Created attachment 384635 [details] the 2nd virtual machine sles10x xml definition This is the sles10x virtual machine which the screen shots were from. Booting this machine worked before I ran the test over on sles10i, and failed after I shut it down, started the test over on sles10i, and tried booting it again.
The kvm host is an 8 core opteron with 8 gig of memory, smolt profile: http://www.smolts.org/client/show/pub_fde3037c-3bfd-4a28-9f73-601d559b6567
>I run a program on one virtual machine which generates gazillions of >SIGTRAPs by using the DBn debug registers to do address traps. I meant to say the DRn registers, not DBn.
More data (but I don't know what it means): I've been trying to use the test program to trigger this bug on my home system (a 4 core single chip intel box), and I have not yet seen it fail. The intel system at work, however, has exhibited this symptom by having a kernel build fail with the compiler aborting due to a SIGTRAP, but I haven't explicitly run my test program to see it trigger the failure on an intel box. The two systems I have now seen show this symptom are both dual socket motherboards with two 4 core chips (opterons in one, xeon in the other), so perhaps something about multiple cpu chips makes this more likely. Here's the smolt profile for the dual cpu intel box: http://www.smolts.org/client/show/pub_7cfd66c1-0166-4f15-92ca-739b774c9559 (It is running a somewhat old fedora 11).
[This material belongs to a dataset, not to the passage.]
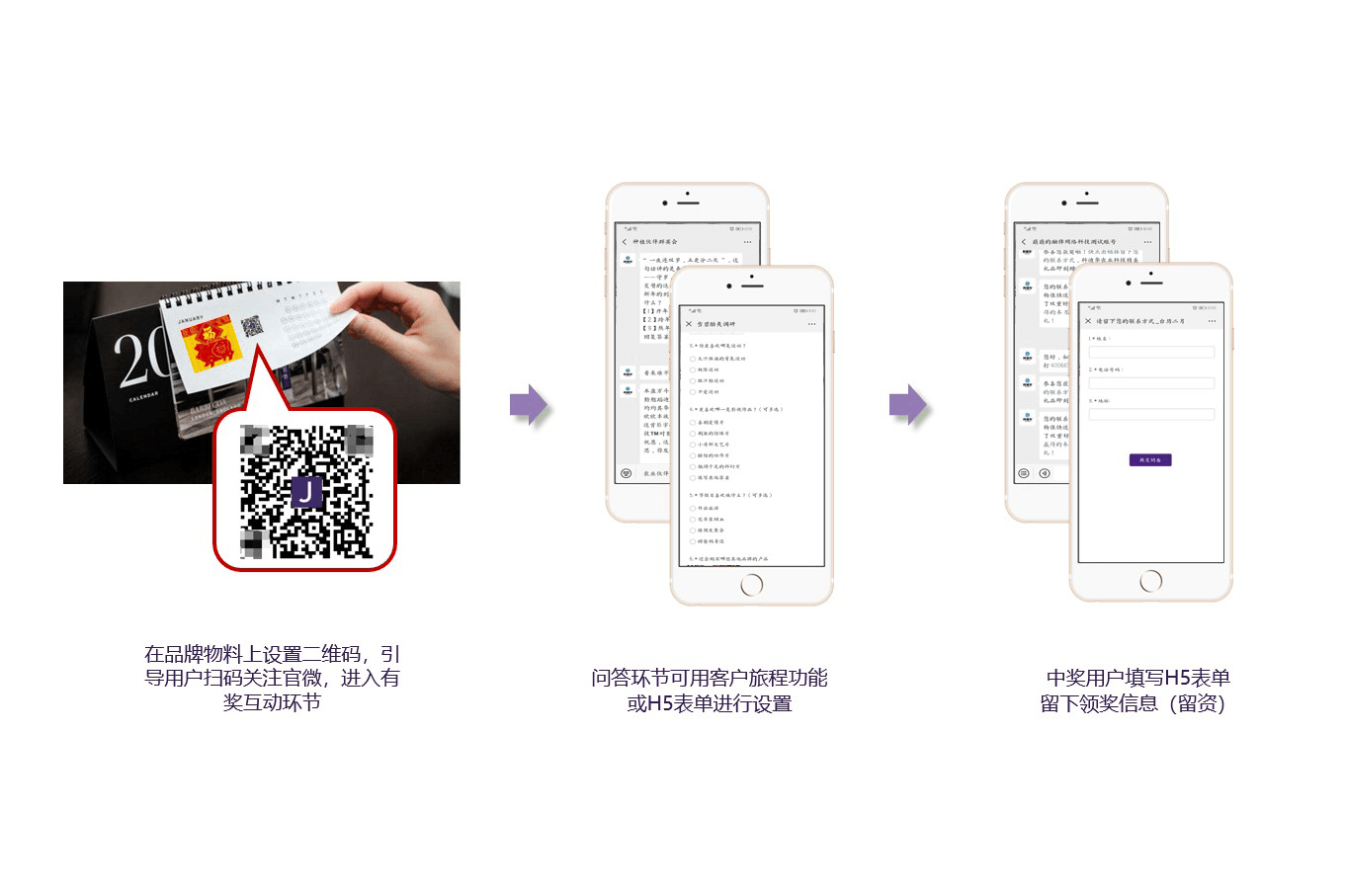 品牌方引导用户扫描物料上的二维码、参与有奖互动问答,最后中奖用户通过H5表单完成留资后领取奖品。
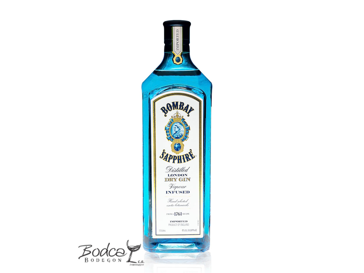 El nombre Bombay Sapphire proviene de la popularidad de la ginebra en la India en la época de la colonización británica. La botella de Bombay Sapphire London Dry Gin es azul con los botánicos grabados en los laterales y un escudo que hace referencia a la reina Victoria de Inglaterra. Su aroma presenta una combinación unificada de enebro, cilantro, limón y notas florares con un corazón más profundo y especiado y notas subyacentes de madera y hierba seca. Al paladar, transmite piel de limón y una dulzura media, seguidas de un enebro intenso y una dulzura ácida de limón, apoyados por notas de salida de cilantro y regaliz, equilibradas por las notas más profundas y especiadas que definen la base del paladar. Su acabado es dulce y seco con un carácter añadido de especias y limón y notas subyacentes ligeramente amaderadas. Bombay Sapphire London Dry Gin es perfecta para disfrutar en un Gin Tonic.

I have just installed fedora 13 (and grabbed all updates) on the host machine described in the original bug. I then ran the exact same test with the exact same test program and virtual machines hosted on the new fedora 13 host kernel, and I am happy to say that after multiple reboots of the sles10x virtual machine while sels10i was running my test program, I did not see a single spurious SIGTRAP interfere with the sles10x virtual machine. It will be a while before I have lots of results from running my testbeds continuously, but it certainly looks like this problem may be fixed in the latest KVM code. Rpms currently on system for this test are: qemu-kvm-0.12.3-8.fc13.x86_64 qemu-img-0.12.3-8.fc13.x86_64 qemu-system-x86-0.12.3-8.fc13.x86_64 qemu-common-0.12.3-8.fc13.x86_64 gpxe-roms-qemu-1.0.0-1.fc13.noarch kernel-2.6.33.5-112.fc13.x86_64
Right, the fix for this went into the upstream kernel and should be available in an update for the F-12 kernel.